Data to examine:
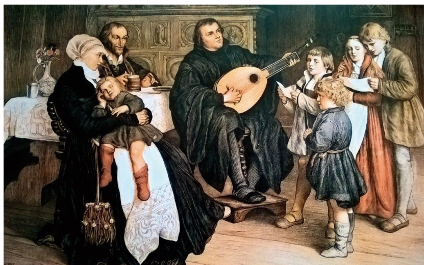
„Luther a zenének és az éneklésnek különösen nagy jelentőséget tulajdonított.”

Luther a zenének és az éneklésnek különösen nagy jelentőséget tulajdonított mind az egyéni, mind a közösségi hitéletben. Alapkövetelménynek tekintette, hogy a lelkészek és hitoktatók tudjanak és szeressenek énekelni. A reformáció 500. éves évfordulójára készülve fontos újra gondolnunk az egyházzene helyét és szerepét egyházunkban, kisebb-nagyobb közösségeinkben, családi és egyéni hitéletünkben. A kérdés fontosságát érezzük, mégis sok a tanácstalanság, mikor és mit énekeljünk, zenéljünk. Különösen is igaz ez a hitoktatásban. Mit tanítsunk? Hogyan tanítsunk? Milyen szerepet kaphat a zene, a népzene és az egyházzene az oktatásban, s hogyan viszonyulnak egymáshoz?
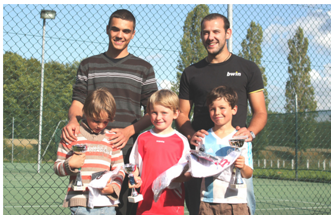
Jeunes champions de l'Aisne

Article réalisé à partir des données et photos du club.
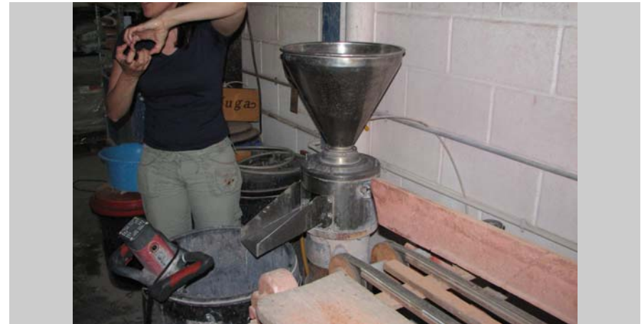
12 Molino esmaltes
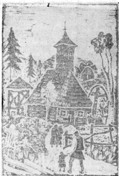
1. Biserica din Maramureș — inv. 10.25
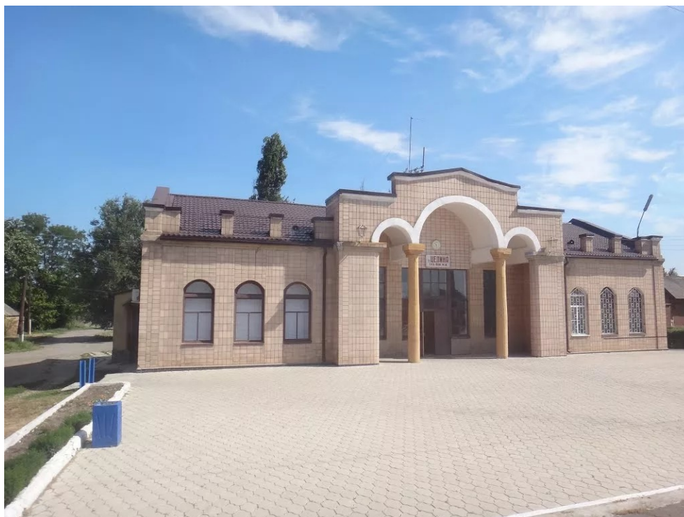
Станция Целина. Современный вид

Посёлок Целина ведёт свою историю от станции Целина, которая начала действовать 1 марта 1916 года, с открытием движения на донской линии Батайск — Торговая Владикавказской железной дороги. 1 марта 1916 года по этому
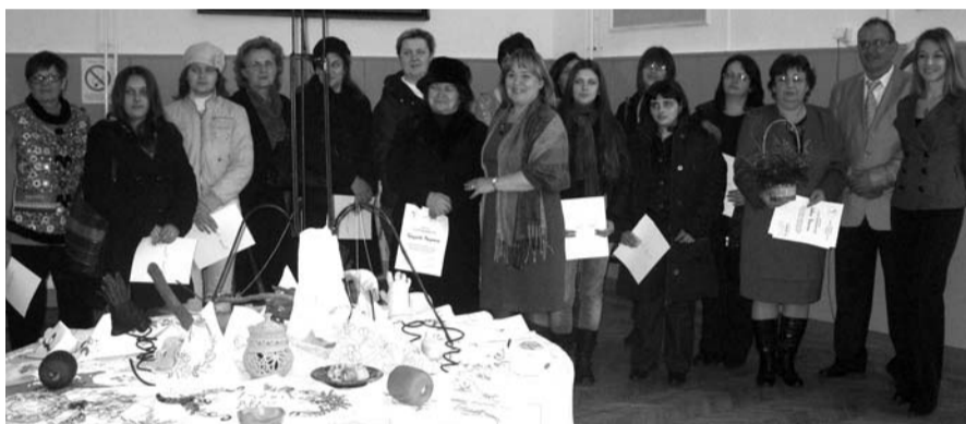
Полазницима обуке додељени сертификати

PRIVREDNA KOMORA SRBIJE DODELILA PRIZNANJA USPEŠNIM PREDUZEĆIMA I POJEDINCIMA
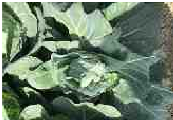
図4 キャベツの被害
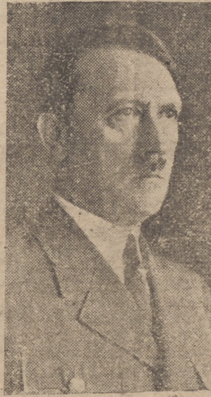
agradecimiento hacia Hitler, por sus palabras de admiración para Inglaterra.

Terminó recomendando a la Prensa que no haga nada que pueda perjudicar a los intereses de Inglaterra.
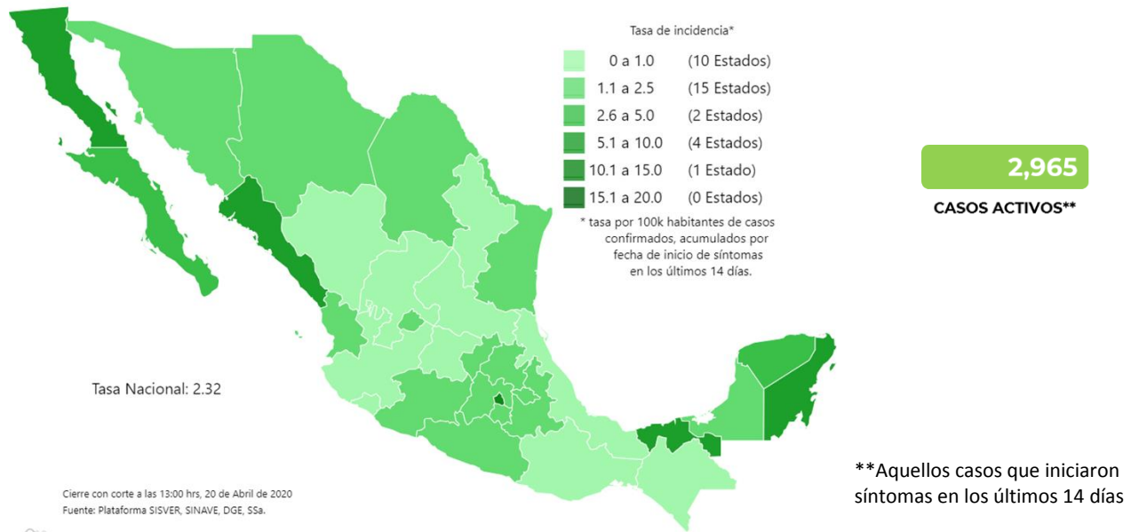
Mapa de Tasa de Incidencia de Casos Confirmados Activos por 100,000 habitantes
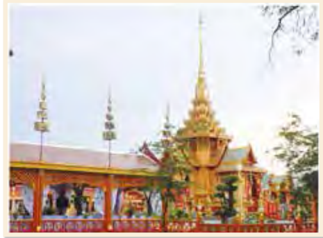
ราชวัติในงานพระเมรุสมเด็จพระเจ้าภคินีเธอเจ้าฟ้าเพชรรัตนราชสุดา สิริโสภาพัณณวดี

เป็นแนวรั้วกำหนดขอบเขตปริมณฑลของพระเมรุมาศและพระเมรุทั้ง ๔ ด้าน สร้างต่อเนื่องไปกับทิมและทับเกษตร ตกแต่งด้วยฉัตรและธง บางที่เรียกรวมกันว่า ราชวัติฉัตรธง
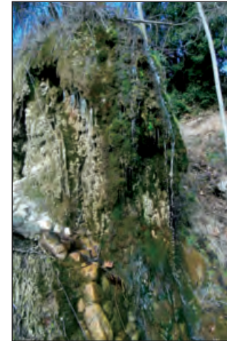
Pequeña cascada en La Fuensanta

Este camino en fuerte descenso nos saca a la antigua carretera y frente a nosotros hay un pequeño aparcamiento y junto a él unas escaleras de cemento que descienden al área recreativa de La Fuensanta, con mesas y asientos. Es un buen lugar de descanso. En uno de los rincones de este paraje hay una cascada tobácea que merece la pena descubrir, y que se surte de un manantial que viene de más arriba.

Exercise description: The answer must consist of every line in the records above that contains the word "cascada".

Reply to the exercise:
Pequeña cascada en La Fuensanta
Este camino en fuerte descenso nos saca a la antigua carretera y frente a nosotros hay un pequeño aparcamiento y junto a él unas escaleras de cemento que descienden al área recreativa de La Fuensanta, con mesas y asientos. Es un buen lugar de descanso. En uno de los rincones de este paraje hay una cascada tobácea que merece la pena descubrir, y que se surte de un manantial que viene de más arriba.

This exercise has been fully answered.